250g Kipfler Potatoes (or enough to cover the top of your dough)
1/2 Bunch Rosemary
½ cup Olive Oil
In a large mixing bowl, combine flour, water, yeast, oil and salt until a dough is formed.
Tip the dough onto a lightly floured bench and begin to knead and stretch the dough by gently pulling the ends toward you and folding over onto itself.
Leave to rest for 15 minutes, then repeat the folding procedure. Rest and fold the dough two more times, then leave to rest until doubled inside, or for the best result leave in the fridge overnight to prove slowly.
When ready to cook, preheat oven to 200 degrees Celsius.
Once risen, gently transfer into a well-oiled 25-30cm baking dish, and begin to gently spread the dough into all corners of the tray.
For the Rosemary Oil, chop up the rosemary and add to a small bowl filled with good quality Olive Oil. Season to taste and then set aside.

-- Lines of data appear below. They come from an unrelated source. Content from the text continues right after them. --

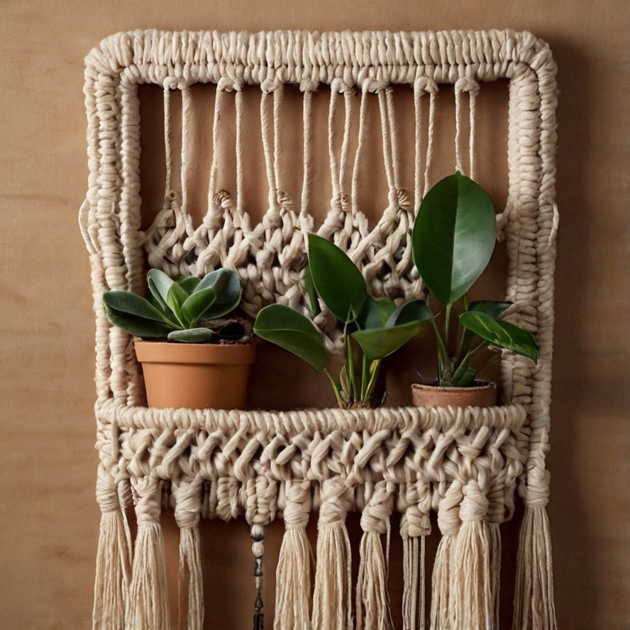 A macramé wall organizer with pockets provides practical storage for keys, mail, or small items. Sturdy knots and fringe make it stylish while functional.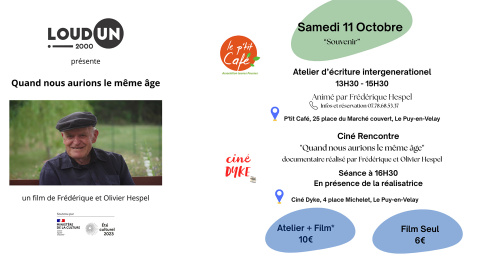 Ce film traite de la transmission et a été tourné au Monastier-sur-Gazeille par Frédérique et Olivier Hespel. Dix enfants du centre de loisirs y rencontrent Dix résidents de l’Ehpad et échangent sur l’enfance d’hier, celle d’aujourd’hui et de demain. Projection suivi d’une discussion avec la réalisatrice.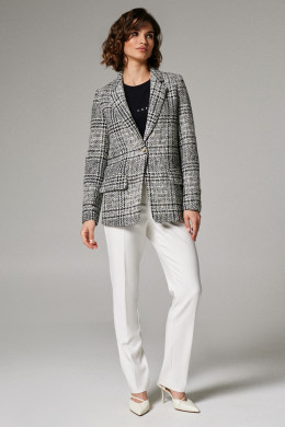Жакет женский из костюмной ткани для повседневной носки. Жакет однобортный на поливискозной подкладке с длинным рукавом.Изделие полуприлегающего силуэта с отложным воротником, прорезными карманами по переду.
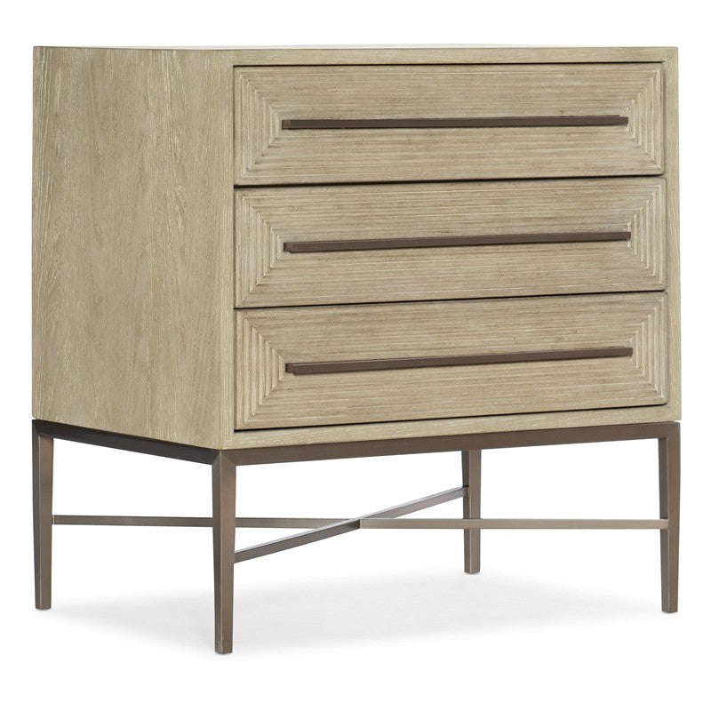 Svelte and sophisticated in a serene soft finish on Oak Veneers with tactile reeded drawer fronts, the Cascade Nightstand with 3 self-closing drawers is a stylish statement piece brimming with storage and function. The Terrain finish on oak veneers is dry-brushed for a casual appeal, and accented by champagne-colored bar pull hardware and slender metal legs joined by an X-stretcher. Functional features include a USB Outlet and cord clip.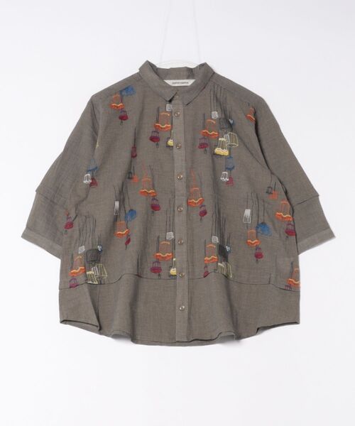 ランプの刺繍がかわいらしい、先染めチェックのシャツカラーブラウス。 袖と裾に切り替えを入れ、レイヤー風のディテールに仕上げたデザイン性のある1枚です。 生地は、細番手のコットン糸で細かい千鳥柄のテキスタイルを織り上げ、ユニークなランプの刺繍を施しました。 ランプシェードのフリンジ部分は、刺繍後に溶剤を溶かすことで立体感を出す、オンケミ刺繍という技法を使用しています。 肘が隠れるくらいの袖丈で、ロングシーズンで活躍する1枚です。 お手入れ:手洗い 店舗へお問い合わせの際は、下記の品番をお申し付け下さい。 [品番:34150453]

Thinly slice your kipfler potatoes on a mandolin but be careful of your fingers! If you don’t have a mandolin, you can just use a knife.
Gently make divets into the dough with the tips of your fingers, then top your focaccia with the slice of kipfler potatoes, overlapping them neatly. Then top with your rosemary oil, salt and pepper.
Place in oven for approximately 20 minutes, or until golden and focaccia has cooked through.